IAG head dismayed by Government disaster response

Group reveals the multi-billion dollar risk facing the country

IAG head dismayed by Government disaster response

Insurance News

By Jordan Lynn

The head of Australia’s largest general insurance group has said he is dismayed by the lack of Government action on disaster mitigation as the group revealed the multi-billion dollar risk facing the country.

Speaking on the release of a new report, which found that the Australian economy has some $326.6 billion worth of GDP and 3.9 million people located in areas of high to extreme risk from natural disaster, IAG CEO and MD, Peter Harmer, said that more needs to be done on the mitigation front.

“At the end of the day, nothing is going to obviate the need for some significant investment in disaster mitigation,” Harmer told Insurance Business.

“We think it is our duty to continue to put pressure on the Government to recognise this and come up with the funds.

“We know that there are budgetary constraints but, not only are we talking about a substantial physical loss of people’s property, we are also talking about the potentially catastrophic consequences for the Australian economy … At the end of the day, we are talking about the safety of our citizens.

“It really does dismay me that we are four years from the commencement of our work in this area and Government is engaged well but we still haven’t got traction.

“We still haven’t got the Government’s response to the Productivity Commission report that was released last year that made a similar recommendation to ours, which was that we need to spend $200 million on mitigation.”

The report, entitled At what cost? Mapping where natural perils impact economic growth and communities, is the first to examine the impact that floods, storms, tropical cyclones, bushfires and earthquakes, have on economic activity.

The findings reveal that areas of Australia with high and extreme risk to bushfire generated 10.8% worth of GDP and are home to 2.2 million people, while areas with the same risk of flood generate 28.4% of GDP with nearly 25% of the population.

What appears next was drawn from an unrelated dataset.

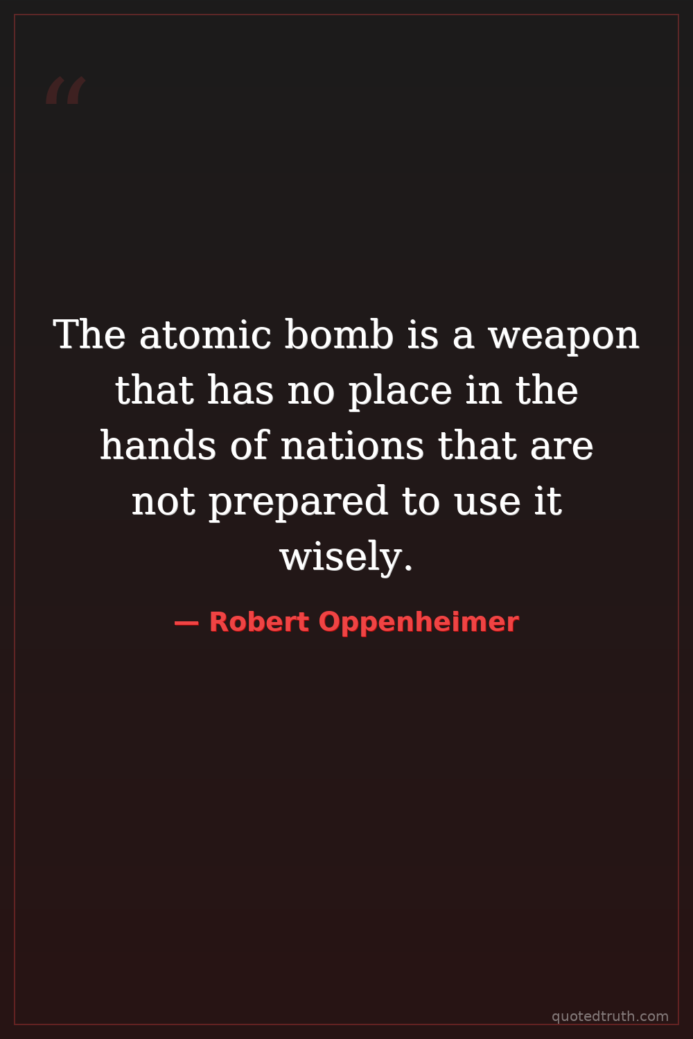 The atomic bomb is a weapon that has no place in the hands of nations that are not prepared to use it wisely.

For brokers, the Group has released a map tool called At What Cost, which allows a closer look at the risks facing any area of the country.

Harmer stressed that brokers will play an important role in helping clients understand their natural disaster risk, as the interconnectivity of supply chains sees disasters in any part of Australia have an impact on the whole country.

“Insurance brokers can have a very important role in helping customers understand the level of risk that they are facing and also to make sure that insurance coverage is not only properly designed but adequate in terms of sums insured etc.,” Harmer continued.

“I think what sits behind the research and analysis is that it is not just what happens to you but what happens to others that might then impact you. As businesses have become more connected, [with] more integrated supply chains, this is an increasing risk for sure.”